Open MariusMerkleQC opened 1 month ago

MariusMerkleQC commented 1 month ago

Description

Problem

When using pl.DataFrame.rolling(), it is only possible to compute aggregated values, but sometimes I just like to keep a certain column.

Example

Imagine that I have a fake data in df_fake. I would like to compute a pl.DataFrame which looks just that keeps the columns "timestamp" and "key", but computes the cumulative mean up to that point in time. This is not possible using .rolling() because there is no operation which just keeps the element.
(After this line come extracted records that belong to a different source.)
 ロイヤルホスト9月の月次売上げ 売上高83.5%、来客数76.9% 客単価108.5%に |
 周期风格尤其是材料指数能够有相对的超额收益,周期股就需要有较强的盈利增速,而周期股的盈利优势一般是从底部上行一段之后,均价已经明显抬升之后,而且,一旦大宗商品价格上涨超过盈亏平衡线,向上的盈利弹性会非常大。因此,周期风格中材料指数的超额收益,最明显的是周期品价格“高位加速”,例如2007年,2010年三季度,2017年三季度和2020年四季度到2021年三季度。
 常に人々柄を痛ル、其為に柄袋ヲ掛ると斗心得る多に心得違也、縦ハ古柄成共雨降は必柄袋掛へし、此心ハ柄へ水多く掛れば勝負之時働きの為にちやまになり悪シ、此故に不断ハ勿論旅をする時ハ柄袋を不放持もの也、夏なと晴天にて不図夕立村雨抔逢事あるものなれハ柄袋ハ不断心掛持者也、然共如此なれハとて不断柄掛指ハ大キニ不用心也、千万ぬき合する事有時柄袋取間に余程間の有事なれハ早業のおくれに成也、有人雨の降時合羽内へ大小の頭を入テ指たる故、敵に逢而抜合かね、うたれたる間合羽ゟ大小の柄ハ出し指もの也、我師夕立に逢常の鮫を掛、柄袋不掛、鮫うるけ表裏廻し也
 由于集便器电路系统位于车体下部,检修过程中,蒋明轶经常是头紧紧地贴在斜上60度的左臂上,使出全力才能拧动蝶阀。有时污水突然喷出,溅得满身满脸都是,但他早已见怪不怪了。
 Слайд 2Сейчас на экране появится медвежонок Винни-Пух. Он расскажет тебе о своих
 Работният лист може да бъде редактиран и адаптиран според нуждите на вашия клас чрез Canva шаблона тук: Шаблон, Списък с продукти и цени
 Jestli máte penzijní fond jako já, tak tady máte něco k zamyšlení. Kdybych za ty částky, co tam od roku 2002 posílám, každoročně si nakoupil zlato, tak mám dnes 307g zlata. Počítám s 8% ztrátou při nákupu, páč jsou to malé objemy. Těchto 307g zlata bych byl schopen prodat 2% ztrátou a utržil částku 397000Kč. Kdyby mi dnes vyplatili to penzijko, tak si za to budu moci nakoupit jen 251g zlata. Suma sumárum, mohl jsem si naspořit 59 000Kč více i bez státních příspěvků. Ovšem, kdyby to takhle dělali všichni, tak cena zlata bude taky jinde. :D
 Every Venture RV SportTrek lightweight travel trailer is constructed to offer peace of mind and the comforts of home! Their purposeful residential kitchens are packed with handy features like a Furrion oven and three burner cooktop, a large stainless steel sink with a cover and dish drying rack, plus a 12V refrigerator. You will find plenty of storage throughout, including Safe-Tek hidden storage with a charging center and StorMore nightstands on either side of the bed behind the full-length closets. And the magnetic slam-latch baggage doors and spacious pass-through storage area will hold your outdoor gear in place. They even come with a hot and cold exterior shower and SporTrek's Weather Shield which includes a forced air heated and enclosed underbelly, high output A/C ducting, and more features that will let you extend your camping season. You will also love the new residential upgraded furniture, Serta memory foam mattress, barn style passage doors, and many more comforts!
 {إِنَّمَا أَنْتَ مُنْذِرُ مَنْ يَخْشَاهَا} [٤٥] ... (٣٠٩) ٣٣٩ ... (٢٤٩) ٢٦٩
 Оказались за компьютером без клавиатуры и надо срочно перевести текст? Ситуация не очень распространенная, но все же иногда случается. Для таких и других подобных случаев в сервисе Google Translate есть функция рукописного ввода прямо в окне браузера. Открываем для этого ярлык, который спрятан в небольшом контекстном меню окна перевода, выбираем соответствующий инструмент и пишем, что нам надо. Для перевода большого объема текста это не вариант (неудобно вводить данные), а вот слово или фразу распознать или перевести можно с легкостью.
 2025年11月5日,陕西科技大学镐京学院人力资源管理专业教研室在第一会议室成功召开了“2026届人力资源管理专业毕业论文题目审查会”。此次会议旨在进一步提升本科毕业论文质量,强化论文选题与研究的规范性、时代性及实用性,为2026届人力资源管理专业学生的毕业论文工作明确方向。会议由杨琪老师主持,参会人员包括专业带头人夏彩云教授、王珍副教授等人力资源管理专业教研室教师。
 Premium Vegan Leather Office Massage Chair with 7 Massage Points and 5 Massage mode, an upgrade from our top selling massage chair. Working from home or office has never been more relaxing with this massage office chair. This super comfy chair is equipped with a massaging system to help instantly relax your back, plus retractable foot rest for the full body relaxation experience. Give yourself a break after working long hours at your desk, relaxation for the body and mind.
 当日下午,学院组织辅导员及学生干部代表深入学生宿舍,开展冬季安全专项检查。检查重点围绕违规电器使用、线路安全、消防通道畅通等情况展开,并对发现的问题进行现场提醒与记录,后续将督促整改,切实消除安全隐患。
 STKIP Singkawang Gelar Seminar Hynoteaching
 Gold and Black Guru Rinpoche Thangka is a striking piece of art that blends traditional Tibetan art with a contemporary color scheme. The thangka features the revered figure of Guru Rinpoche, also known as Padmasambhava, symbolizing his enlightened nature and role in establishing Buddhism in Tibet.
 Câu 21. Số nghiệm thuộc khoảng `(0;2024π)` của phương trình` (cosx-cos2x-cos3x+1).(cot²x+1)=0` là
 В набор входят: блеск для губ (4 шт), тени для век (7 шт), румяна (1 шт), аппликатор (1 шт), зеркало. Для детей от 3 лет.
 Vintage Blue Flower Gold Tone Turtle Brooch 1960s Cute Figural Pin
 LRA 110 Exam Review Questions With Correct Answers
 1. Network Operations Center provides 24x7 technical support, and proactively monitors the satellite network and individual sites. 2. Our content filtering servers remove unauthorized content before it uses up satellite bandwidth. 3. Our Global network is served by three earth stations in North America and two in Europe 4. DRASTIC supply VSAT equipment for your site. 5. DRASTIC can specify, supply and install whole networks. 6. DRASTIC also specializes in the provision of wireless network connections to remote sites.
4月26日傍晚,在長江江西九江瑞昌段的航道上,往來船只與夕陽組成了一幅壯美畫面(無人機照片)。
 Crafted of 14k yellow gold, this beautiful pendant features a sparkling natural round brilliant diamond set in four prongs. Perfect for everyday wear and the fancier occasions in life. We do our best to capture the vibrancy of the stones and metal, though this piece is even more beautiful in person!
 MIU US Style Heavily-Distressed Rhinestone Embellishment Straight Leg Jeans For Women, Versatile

Using .last(), as shown below, fails if there are equal values in the index_column. The only way I manage to work around this is by horizontally concatenating a part of the original df_fake to the rolled data frame, which doesn't look nice at all.

import polars as pl
from datetime import datetime

df_fake = pl.DataFrame(
    data=[
        (datetime(2023, 1, 1, 0, 0, 0), 1, "a"),
        (datetime(2024, 1, 1, 0, 0, 0), 2, "b"),
        (datetime(2024, 1, 1, 0, 0, 0), 3, "c"),
    ],
    schema={"timestamp": pl.Datetime, "value": pl.Int32, "key": pl.Utf8},
    orient="row",
)

df_desired = pl.DataFrame(
    data=[
        (datetime(2023, 1, 1, 0, 0, 0), 1, "a"),
        (datetime(2024, 1, 1, 0, 0, 0), 2, "b"),
        (datetime(2024, 1, 1, 0, 0, 0), 2, "c"),
    ],
    schema={"timestamp": pl.Datetime, "cumulative_mean": pl.Int32, "key": pl.Utf8},
    orient="row",
)

df_rolled = df_fake.rolling(index_column="timestamp", period="5y").agg(
    pl.col("value").mean().alias("cumulative_mean"),
    pl.col("key").last().alias("key"),
)

df_workaround = pl.concat(
    items=[
        df_fake.rolling(index_column="timestamp", period="5y").agg(
            pl.col("value").mean().alias("cumulative_mean"),
        ),
        df_fake.select(pl.col("key")),
    ],
    how="horizontal",
)

Suggestion

What about introducing an optional argument keep_cols: list[str] that just keeps the columns as they are in the original df_fake, yet they don't get lost in the .rolling() operation?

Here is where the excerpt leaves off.